Ken Miller Op-Ed - He really wants his Palco suit to keep going

Real value of DA's suit vs. Palco yet to come?
Ken Miller for The Times-Standard
Article Launched: 02/03/2008 01:30:26 AM PST

Your editorial of Jan. 25, “An end to the saga,” criticizes Mr. Gallegos instead of the court's decision, or Maxxam.

It is ironic that the Times-Standard blames Mr. Gallegos for an “ill-thought-out attack on Humboldt County's historical way of life, and on one of the county's main economic engines.” Isn't it Hurwitz who is attacking? After all, the Headwaters Deal secured for Hurwitz a billion-dollar refinance that our watersheds could not afford, with bankruptcy of that venerable “engine” -- and our watersheds -- as the predicted results.

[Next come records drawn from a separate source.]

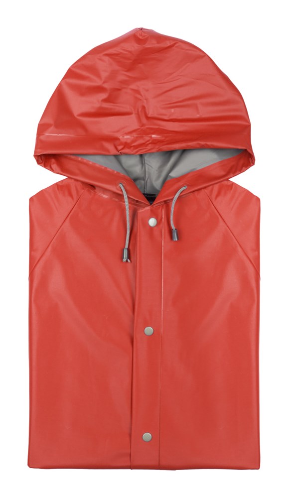 Regenjacke mit Kapuze aus widerstandsfähigem PVC mit versiegelter Oberflächenbeschichtung, Druckknopfverschluss und 2 Außentaschen.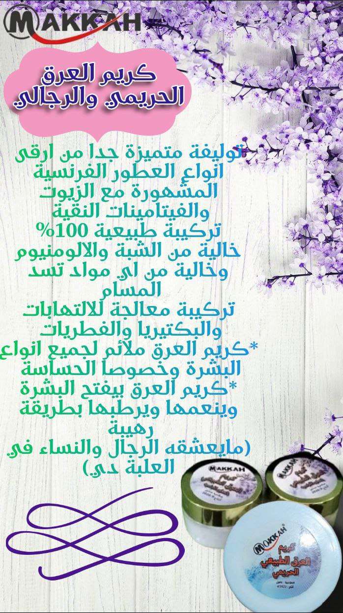 كريم العرق الطبيعي ١٠٠%👍خالى من👈 الألومنيوم ،وأى ماده تسد المسام👈 معالج قوى للإلتهابات والبكتيريا والفطريات👈 مناسب لجميع انواع البشره وخصوصاً الحساسة لإزاله رائحه العرق🤧 ريحته جميله جدا😍🤩🌹 وثا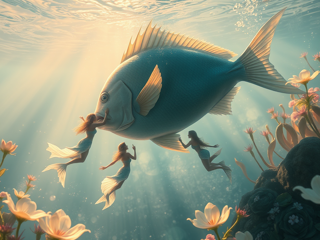 En el marítimo oleaje: un Poseidón fajando a las sirenas.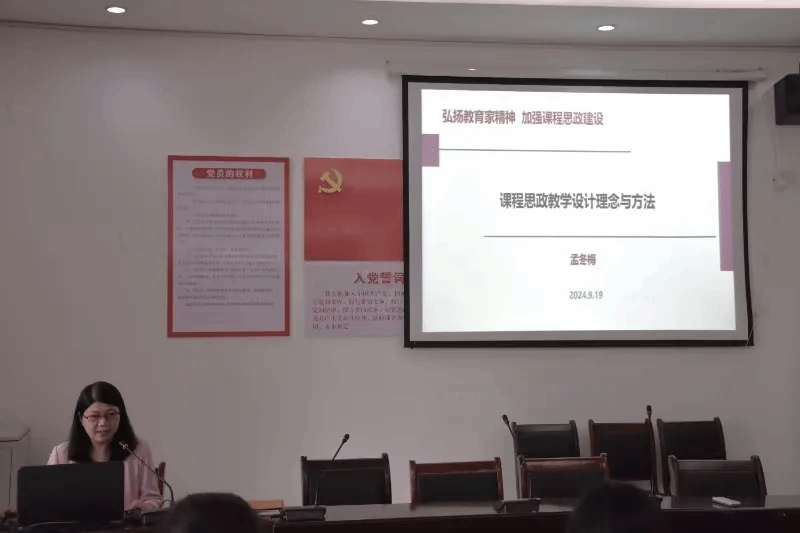 全体教职工于教15栋102会议室开展“课程思政教学设计理念与方法”专题教学研讨会。会议由院党委书记薛先庆主持,孟冬梅老师主讲。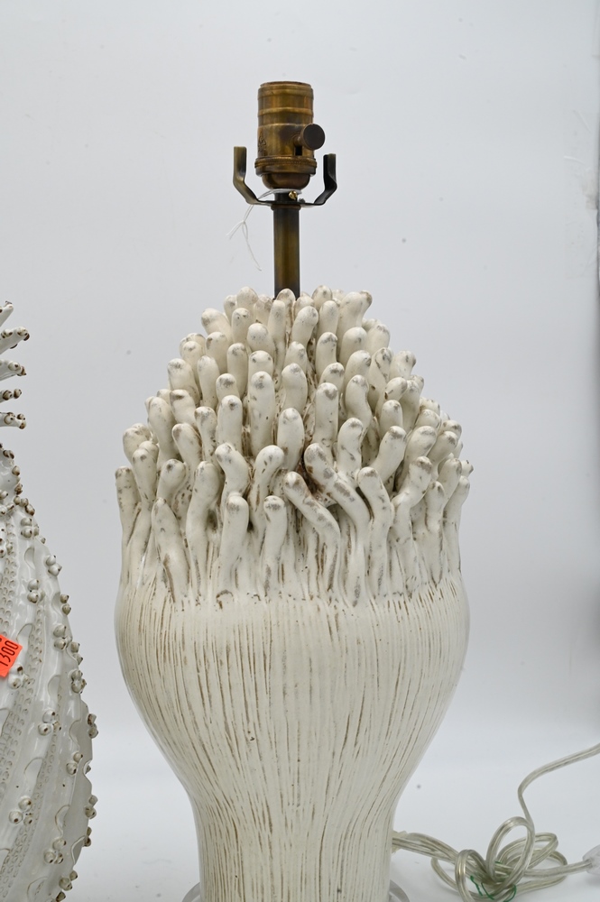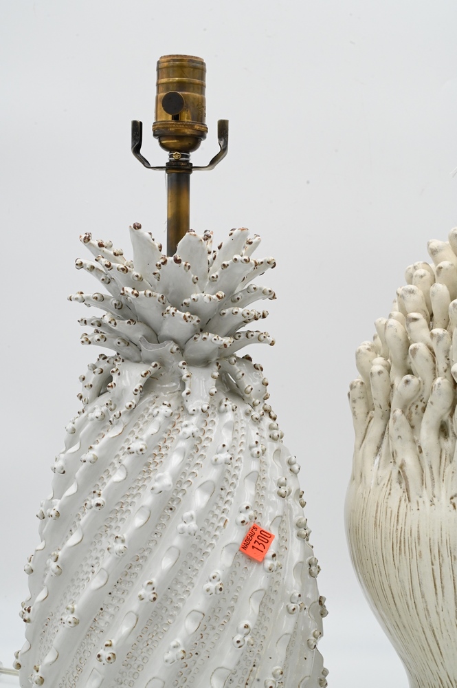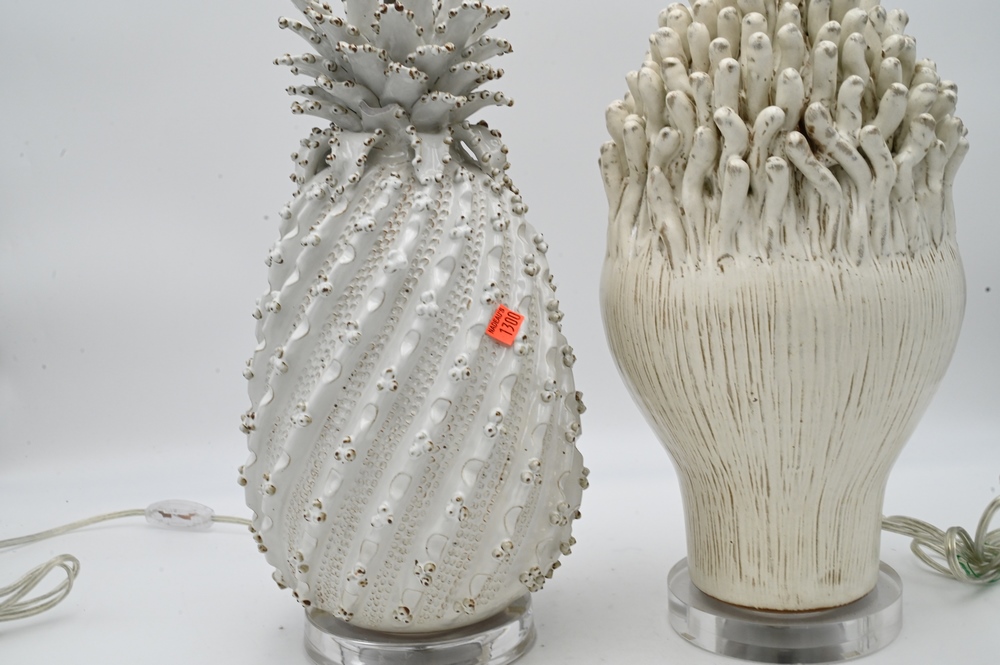 Two Italian Art Pottery Table Lamps, one white glazed in the form of a pineapple, along with white glazed pottery, height 21 inches, width 22 inches.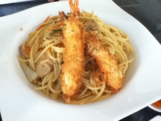 天婦羅蝦燒汁意粉﹕兩隻天婦羅蝦從佢唔均勻,亦唔金黃嘅外皮色水黎睇,應該係焗嘅。好處係比油炸少油,比較唔油膩。好彩皮都夠脆,較油炸乾身。但內餡就一般,炸皮太厚,炸粉仲厚身過隻蝦,而且蝦粉粉地,完全唔爽口,似乎買料唔夠眼光。意粉同香蒜海鮮意粉嘅基礎都係一樣,有菇、有蘿蔔絲,只係無左蒜味,換左做燒汁。但燒汁極少,落左都唔多覺,需要用極敏感嘅舌頭,先可品嚐到丁點嘅燒汁甜味。加多兩湯匙呀,唔該。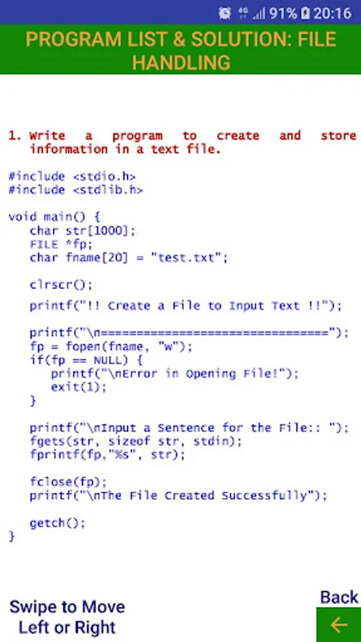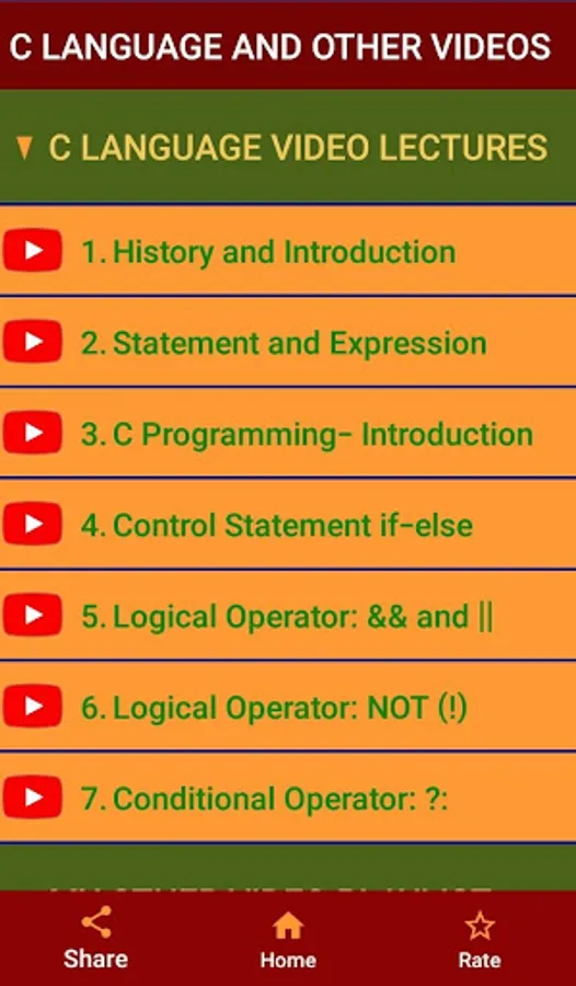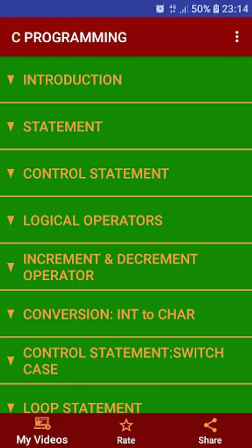 This tutorial app contains a different section of the different topics of the C programming language. The different topics are as follows: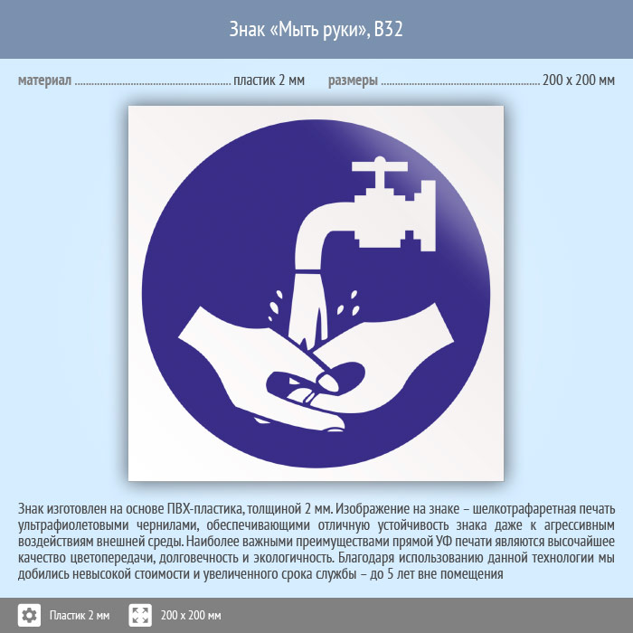 Знак «Мыть руки», B32 (пластик, 200х200 мм) в Сургуте купить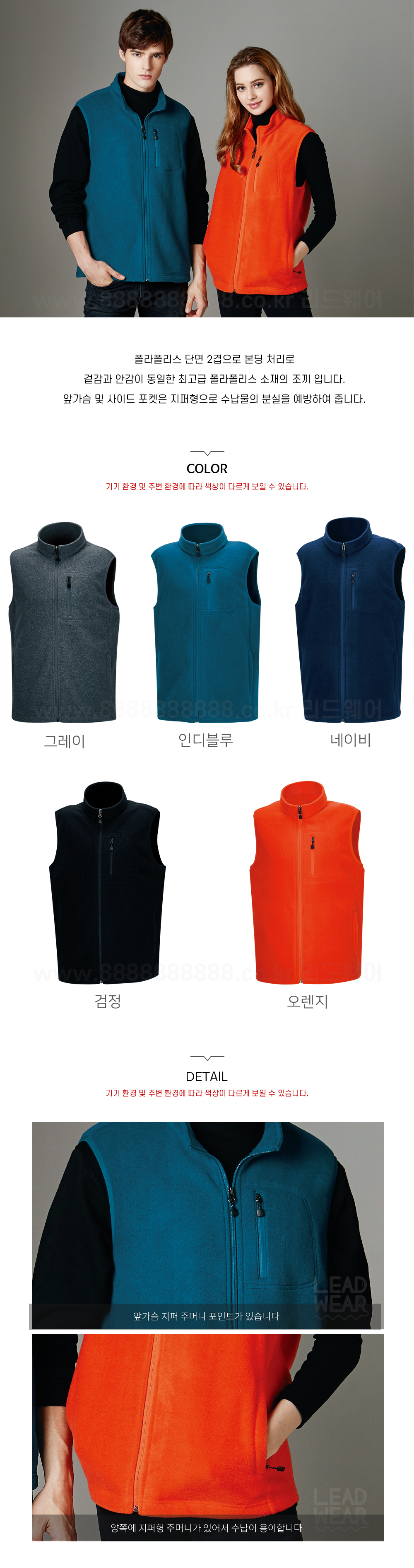 폴라폴리스 단면 2겹 본딩처리, 겉감과 안감이 동일한 최고급 폴라폴리스 소재의 조끼 입니다.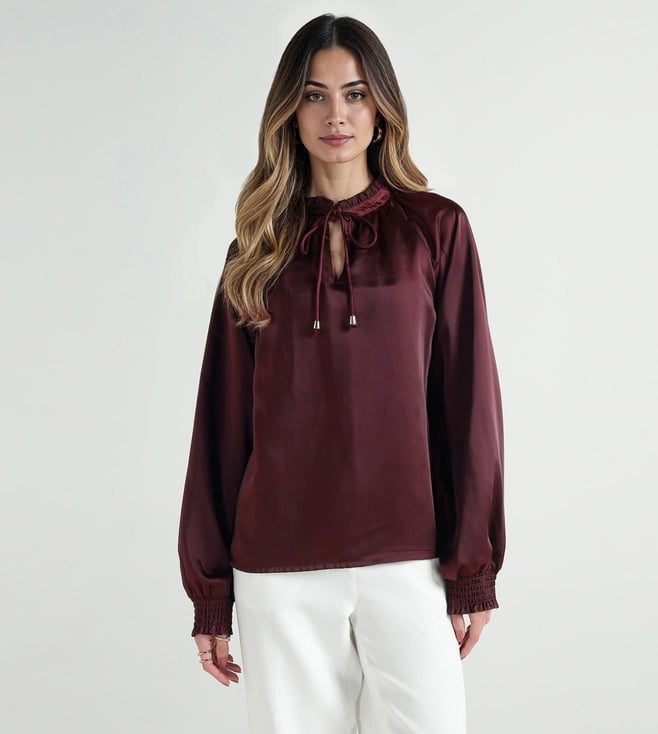 Maroon Cotton Relaxed Fit Logo Printed Top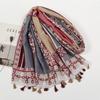 Otoño e invierno Nuevo pañuelo étnico bohemio con borlas de algodón y lino para mujer, chal de viaje, bufanda larga, venta al por mayor al contado

Does anyone doubt Pacific Lumber committed fraud? How else do you so deplete such a rich resource so rapidly, and wreak so much social, economic and environmental havoc, and get away with it?

The court's decision in the Pacific Lumber case crystallizes a frightening expansion of the “right to lie,” so that the successful cheater (as opposed to one who is caught during the proceeding) is immune from any legal consequences for lying in most government proceedings. The rationale is that the protection of free speech, and finality in permitting processes, are worth the damages resulting from undetected deception.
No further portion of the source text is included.